8.2. Müşterinin, bir düzenleyicinin veya veri koruma otoritesinin Hizmetlerle ilgili ek bilgi veya denetim talep etmesi durumunda Şirket, Kişisel Verilerin işlenmesi için gerekli olan veri işleme olanaklarını, veri dosyalarını ve belgelerini Müşteri tarafından denetlenmek üzere sunmayı kabul eder. (veya Müşteri tarafından seçilen denetim acenteleri veya denetçiler gibi herhangi bir üçüncü taraf) bu Veri Gizliliği Anlaşması’na uygunluğu doğrulamak için, bildirimde bulunulması ve denetçinin doğrudan Şirket ile bir gizlilik sözleşmesi imzalaması şartıyla. Şirket, Kişisel Verilerin işlenmesi de dahil olmak üzere Hizmetlerin yerine getirilmesi için kullanılan tüm ilgili bilgilerin sağlanması ve tüm ekipman, yazılım, veri, dosya, bilgi sistemleri vb.’ye erişim dahil olmak üzere bu tür işlemler sırasında Müşteri ile makul işbirliği sağlamayı kabul eder. . Bu tür denetimler masraf ve masrafları Müşteriye ait olmak üzere gerçekleştirilecektir.

8.3. Denetim yalnızca Kişisel Verilerin kötüye kullanıldığından şüphelenmek için belirli nedenler olduğunda ve Müşterinin Şirkete yazılı bildirimde bulunmasından en geç iki hafta sonra gerçekleştirilebilir.

8.4. Gerçekleştirilen denetime ilişkin bulgular taraflarca tartışılıp değerlendirilecek ve duruma göre taraflardan biri tarafından veya her iki tarafça müştereken uygulanacaktır. Denetim masrafları Müşteri tarafından karşılanacaktır.

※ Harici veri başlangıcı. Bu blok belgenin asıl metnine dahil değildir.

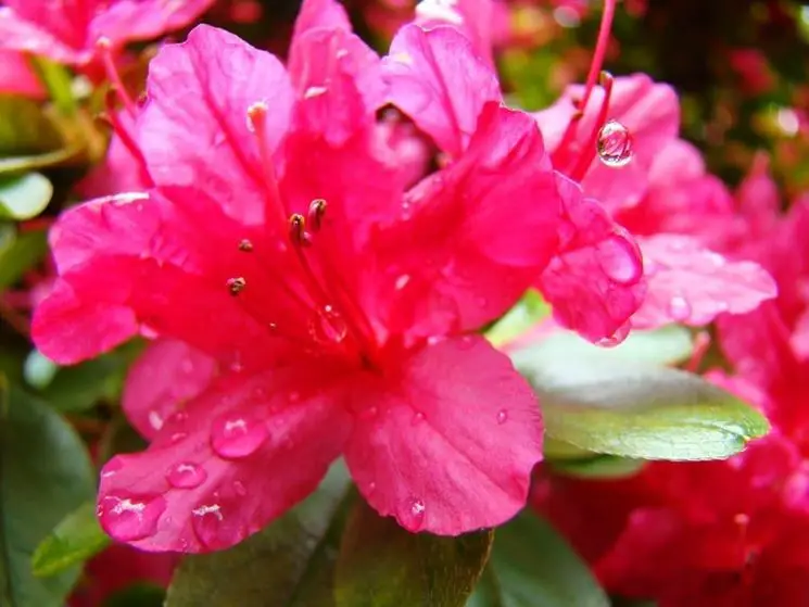 El bonsái de azalea debe tener el suelo siempre húmedo, por lo que nunca debes dejar que el sustrato se seque por completo: en la temporada de verano, en particular, debes tener mucho cuidado porque un fuerte calor seco podría hacer que nuestro bonsái se deteriore y muera en poco tiempo. Tan pronto como veamos el suelo seco, debemos regarlo abundantemente, pero sin estancamientos. Lo ideal sería colocar una capa de akadama en la base de la maceta, un material perfecto para el drenaje de los bonsáis, especialmente aquellos como la azalea, que necesita agua pero teme la pudrición de las raíces. La llamada tierra roja con bolas, precisamente por estar formada por gránulos de una determinada tierra volcánica, consigue retener el agua sin mojar las raíces. También hay que recordar que la azalea es una planta acidófila, por lo que no tolera el calcio, los suelos calcáreos y especialmente el agua calcárea. Por este motivo, para el riego es necesario utilizar agua destilada o corregida con un producto para plantas acidófilas, que restablezca el nivel adecuado de acidez del suelo.

  1. Veri İhlalinin Bildirilmesi

9.1. Şirketin, Kişisel Verilerin kazara, yetkisiz veya yasa dışı imhası veya yetkisiz ifşa edilmesi veya erişilmesiyle sonuçlanan herhangi bir güvenlik ihlalinden haberdar olması durumunda, Şirket, elinden gelen en iyi şekilde, bu durumu Müşteriye aşırı gecikmeyle bildirecektir. Veri sahiplerini ve/veya ilgili düzenleyici makam(lar)ı bilgilendirip bilgilendirmeyeceğini Müşteri belirleyecektir. Bu raporlama görevi, sızıntının etkisine bakılmaksızın geçerlidir. Şirket, sağlanan bilgilerin tam, doğru ve doğru olması için çaba gösterecektir.

9.2. Kanun ve/veya düzenlemelerin gerektirmesi halinde Şirket, ilgili makamlara ve/veya Veri sahiplerine bildirimde bulunulması konusunda işbirliği yapacaktır. Müşteri bununla ilgili her türlü yasal yükümlülükten sorumlu taraf olmaya devam edecektir.

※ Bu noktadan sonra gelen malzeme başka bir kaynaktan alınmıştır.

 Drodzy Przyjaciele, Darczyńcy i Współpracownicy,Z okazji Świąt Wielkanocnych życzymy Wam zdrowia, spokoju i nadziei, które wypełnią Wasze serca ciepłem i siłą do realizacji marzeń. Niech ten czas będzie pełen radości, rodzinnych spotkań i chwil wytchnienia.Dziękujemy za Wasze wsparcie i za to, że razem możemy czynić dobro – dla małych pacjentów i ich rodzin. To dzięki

9.3. Rapor etme görevi, her halükarda, aşağıdakilerle ilgili ayrıntılar da dahil olmak üzere bir sızıntının meydana geldiği gerçeğini rapor etme görevini içerir:

sızıntının (şüphelenilen) nedeni;

bunun (şu anda bilinen ve/veya beklenen) sonuçları; (önerilen) çözüm;

zaten alınmış olan önlemler.

 

  1. Kişisel Verilerin Silinmesi ve İadesi

10.1. Taraflar, veri işleme hizmetlerinin sağlanmasının sona ermesi üzerine Şirket ve alt yüklenicilerinin, Müşterinin tercihine göre, aktarılan tüm Kişisel Verileri ve bunların kopyalarını Müşteriye iade edeceğini veya tüm Kişisel Verileri imha edeceğini kabul eder. ve Şirkete uygulanan mevzuat, aktarılan Kişisel Verilerin tamamını veya bir kısmını iade etmesini veya yok etmesini engellemediği sürece, bunu yaptığını Müşteriye tasdik edecektir. Bu durumda Şirket, aktarılan Kişisel Verilerin gizliliğini garanti edeceğini ve aktarılan Kişisel Verileri aktif olarak işlemeyeceğini garanti eder.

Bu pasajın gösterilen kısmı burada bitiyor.